Supplied entries:

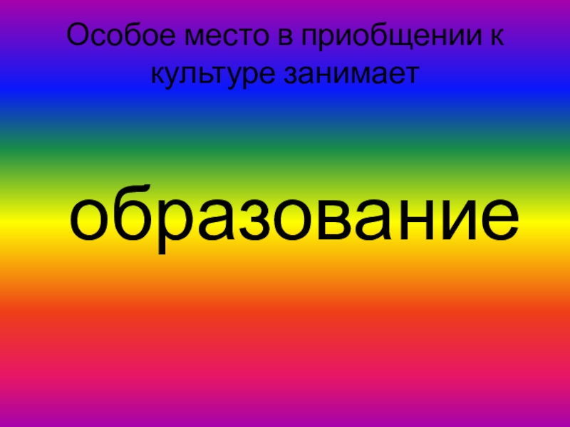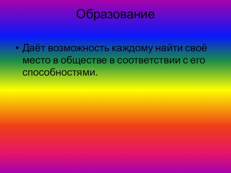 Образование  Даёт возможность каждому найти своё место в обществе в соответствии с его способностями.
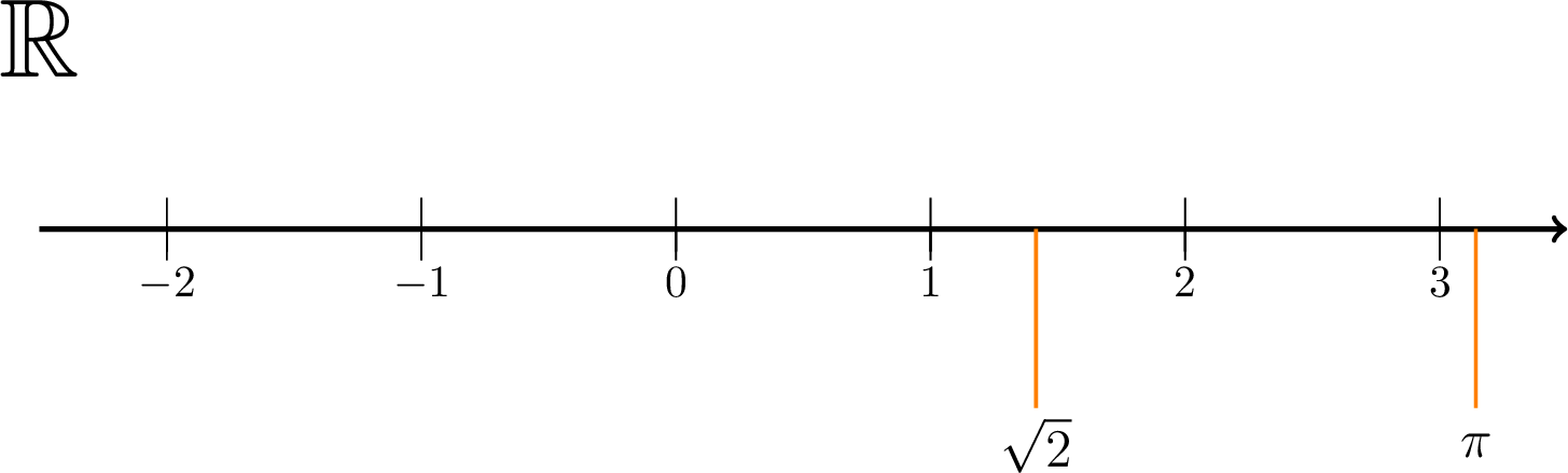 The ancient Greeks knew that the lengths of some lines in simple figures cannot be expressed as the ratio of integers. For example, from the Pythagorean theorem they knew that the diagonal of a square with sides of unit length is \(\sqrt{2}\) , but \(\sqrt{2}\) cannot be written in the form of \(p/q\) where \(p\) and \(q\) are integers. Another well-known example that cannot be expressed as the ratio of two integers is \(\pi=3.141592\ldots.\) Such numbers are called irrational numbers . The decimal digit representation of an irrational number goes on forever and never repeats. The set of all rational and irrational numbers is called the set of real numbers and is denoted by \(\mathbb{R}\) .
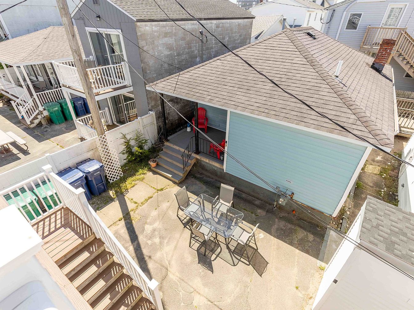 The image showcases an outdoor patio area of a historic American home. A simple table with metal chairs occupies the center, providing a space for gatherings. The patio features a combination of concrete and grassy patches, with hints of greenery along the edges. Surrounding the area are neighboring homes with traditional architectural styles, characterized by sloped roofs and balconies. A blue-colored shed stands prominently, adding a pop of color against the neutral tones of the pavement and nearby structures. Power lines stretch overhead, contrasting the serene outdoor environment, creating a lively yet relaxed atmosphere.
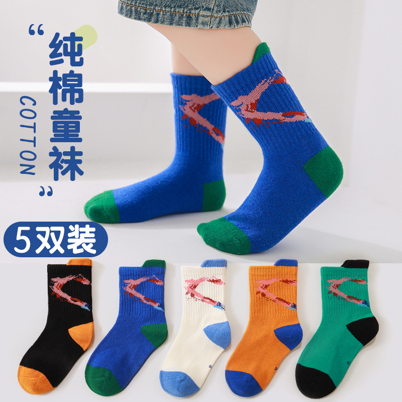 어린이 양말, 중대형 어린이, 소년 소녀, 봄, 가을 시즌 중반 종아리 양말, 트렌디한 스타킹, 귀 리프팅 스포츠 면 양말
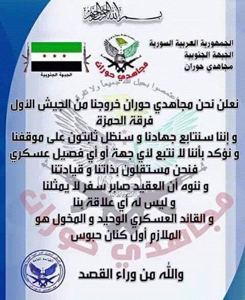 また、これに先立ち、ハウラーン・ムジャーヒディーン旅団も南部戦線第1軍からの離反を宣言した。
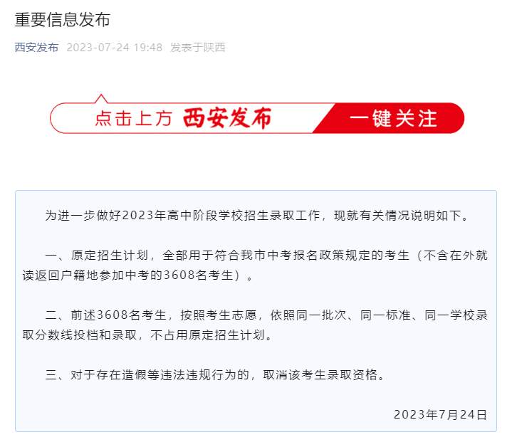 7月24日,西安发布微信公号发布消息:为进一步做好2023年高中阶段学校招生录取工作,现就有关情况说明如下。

What is needed: None of the pictures belong in the result. Print exactly the lines from the one containing "The image showcases" through the final line of the entries.

Answer section:
 The image showcases an outdoor patio area of a historic American home. A simple table with metal chairs occupies the center, providing a space for gatherings. The patio features a combination of concrete and grassy patches, with hints of greenery along the edges. Surrounding the area are neighboring homes with traditional architectural styles, characterized by sloped roofs and balconies. A blue-colored shed stands prominently, adding a pop of color against the neutral tones of the pavement and nearby structures. Power lines stretch overhead, contrasting the serene outdoor environment, creating a lively yet relaxed atmosphere.
 어린이 양말, 중대형 어린이, 소년 소녀, 봄, 가을 시즌 중반 종아리 양말, 트렌디한 스타킹, 귀 리프팅 스포츠 면 양말
 また、これに先立ち、ハウラーン・ムジャーヒディーン旅団も南部戦線第1軍からの離反を宣言した。
 7月24日,西安发布微信公号发布消息:为进一步做好2023年高中阶段学校招生录取工作,现就有关情况说明如下。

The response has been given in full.